Mississippi Geography, Population, Business and History

Mississippi, abbreviated MS and Miss., Is a state of the United States located east of the lower Mississippi River, bordering north to Tennessee, east to Alabama, south to the Gulf of Mexico, and west to Louisiana and Arkansas. Mississippi has an area of ​​125,444 km2 and has 2,984,100 residents (US Census, 2017). The capital and largest city is Jackson.

Mississippi is often called The Magnolia State, the “Magnolia State,” after the magnolia tree, which is widely used in the state.


Most of the state is lowland (highest point: 246 masl). The western part belongs to the Mississippi River plain, by the way, the state lies on the Gulf Coast plain and the hilly country within. The northwest portion drains through Mississippi’s bee Yazoo. To the south flow the Pearl River and the Pascagoula River. Up to five meters high dikes protect Mississippi’s low river plain against flooding.

The climate is humid subtropical. Vicksburg has 9 °C in average temperature for January, 27 °C for July; annual rainfall is approx. 1300 mm. 55 percent of the area is wooded (gold pine, deciduous trees), 35 percent cultivated land.


The population has shown little growth since the 1930s. In the period 1980–1990, the population grew by 2.09 percent annually, in 2000–2004 by two percent annually (against the national average of 4.3 percent). 56.7 percent are considered white, 37.8 percent black and 3.2 percent Hispanic or Latino (US Census, 2017). The proportion of blacks declined for many years due to emigration north (1900: 58.5 per cent blacks), but in recent years the proportion has stabilized. Mississippi is among the least urbanized by the states of the United States, and only 48 percent of the population lived in cities and urban areas in the year 2000. The largest is the capital of Jackson with 166,965 residents (US Census, 2017).

Mississippi sends two senators and four representatives to Congress.

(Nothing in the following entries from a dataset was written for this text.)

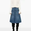 Description: Capture the energetic spirit of modern luxury with the Azure Archive Denim Midi Skirt. Characterized by its unique architectural silhouette and sophisticated blue palette, this piece offers a statuesque and creative take on artisanal summer tailoring. The construction features provocative midi-length elements and a refined technical back slit that ensures a polished aesthetic for high-profile social retreats. Crafted from premium high-density denim with structural integrity and a fluid modern profile, it maintains a sharp and authoritative aesthetic while the precision wash adds a tactile designer edge. Its rich structural dimension serves as a timeless statement of refined luxury.
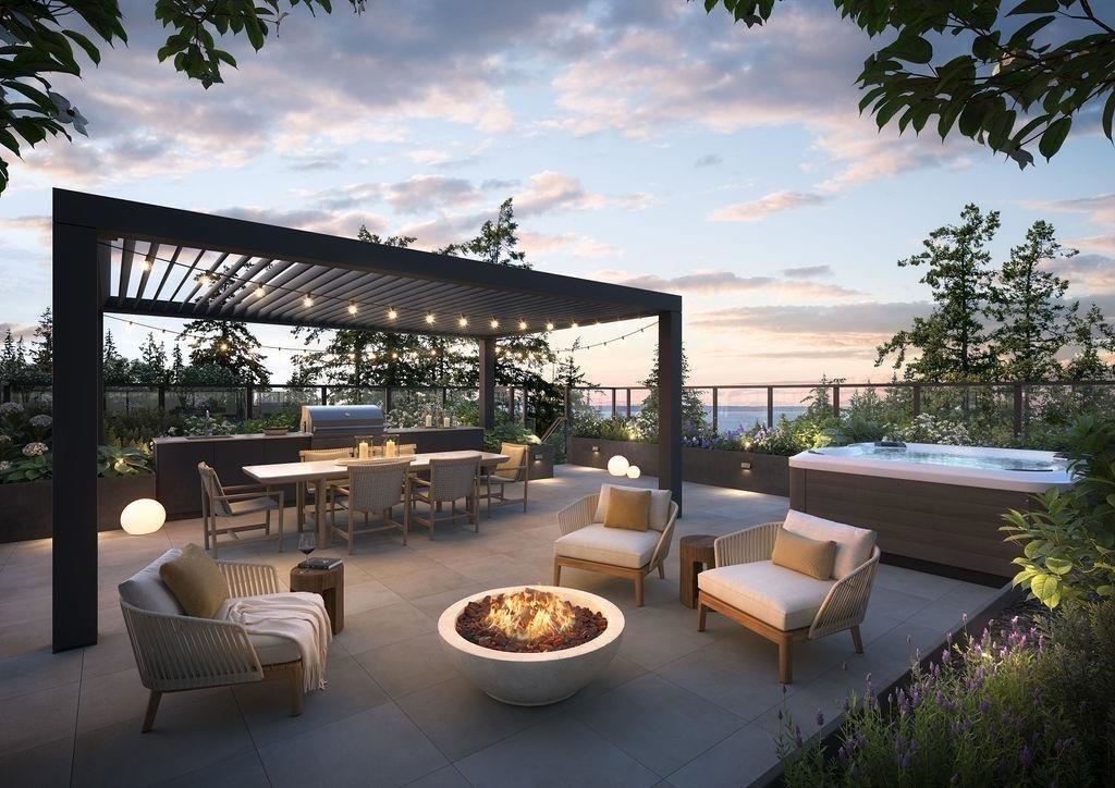 Discover luxury living atop the acclaimed ROCKFORD by Cressey in Ocean Park. Be the first to live in Penthouse 407, featuring 2 bedrooms, 2.5 bathrooms plus den. Loftly 10-foot ceilings enhance open floor plan with floor-to-ceiling windows and beautiful oak hardwood floors. Chef's kitchen offers integrated Italian appliance package, gas range, family-sized island and custom finished oak cabinets. King Size primary bedroom complete with custom closets, and leads to beautiful ensuite with double sinks, frameless glass shower and soaker tub. Enjoy summer entertaining on your private rooftop terrace complete with built-in grill and outdoor kitchen. Residents enjoy access to fitness centre, social lounge, Nordic Spa with sauna and cold plunge. Private 2-car garage. Make it yours today!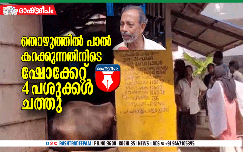 തോമസിന്റെ വീടിന് പിന്നിലുള്ള തൊഴുത്തിലാണ് ഞായറാഴ്ച പുലര്ച്ചെ രണ്ടരയോടെ സംഭവമുണ്ടായത്. മൂന്ന് പശുക്കളെ കറന്ന ശേഷം നാലാമത്തെ പശുവിനെ കറക്കാന് ശ്രമിക്കുന്നതിനിടെ പശുക്കള് എല്ലാം ഷോക്കേറ്റ് നിലത്ത് വീഴുകയായിരുന്നു. കറന്ന പാല്പാത്രം തോമസിന്റെ കയ്യില് നിന്ന് തെറിച്ചു വീണു. ഷോക്കേറ്റെങ്കിലും മറ്റ് പരിക്കുകളില്ല.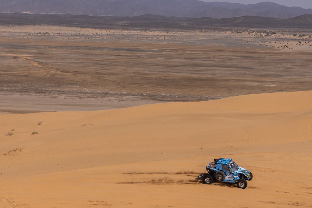 La 8ème ES était placée sous le signe du sable, car les 830 kilomètres du jour ont emmené la caravane plein Sud entre Al Dawadimi et Wadi As-Dawasir. C’est toujours au cœur du royaume et dans la Province de Riyadh, qu’une deuxième spéciale consécutive de près de quatre cent kilomètres attendait les concurrents. Au menu, 24% de dunes, la plus importante proportion depuis le début du rallye. C’est d’abord par le Nafud (Désert) as Surrah que la spéciale a débutée par des dunes copieuses dans lesquelles certains concurrents ont dû s’y reprendre à plusieurs reprises avant de vaincre leurs sommets, à parfois près de 1000 mètres d’altitude.

Until recently, Mississippi was one of the least industrialized states in the United States, and agriculture remains the most important trade route. Cotton production is surpassed only by Texas and California, but today soybeans have a greater production value. Then comes pet products, corn, peanuts, rice, sugar cane and sweet potatoes. On the Gulf coast, some shrimp and oysters are caught.

Almost all mineral production consists of oil and natural gas. The industry consists mainly of the processing of agricultural and forestry products, including the textile, furniture, food and transport industries as well as chemical and petrochemical plants.


The Spaniard Hernando de Soto came to the Mississippi area as the first European in 1539, but he made no attempt to colonize the country. In 1682, René Robert Cavelier de La Salle formally took possession of the French king and named it Louisiana after Louis 14. In 1699, the French built the first Mississippi colony, which was part of Louisiana, until all land east of the river 1763 was surrendered to Britain. In 1817, Alabama was separated, and Mississippi was admitted as a state with the present boundaries.

The economy was largely based on cotton plantations, and Mississippi became one of the most pronounced slave states, which during the American Civil War was part of the Southern Confederation. Segregation between blacks and whites was widely practiced until the 1960s. Mississippi has the highest percentage of blacks in the United States, according to the Federal District of Columbia. The state has a tragic racial past and actively resisted the abolition of the racial divide in the 1950s and 1960s. It was not until 1995 that it ratified the 13th Constitutional Supplement, which abolished slavery in 1865.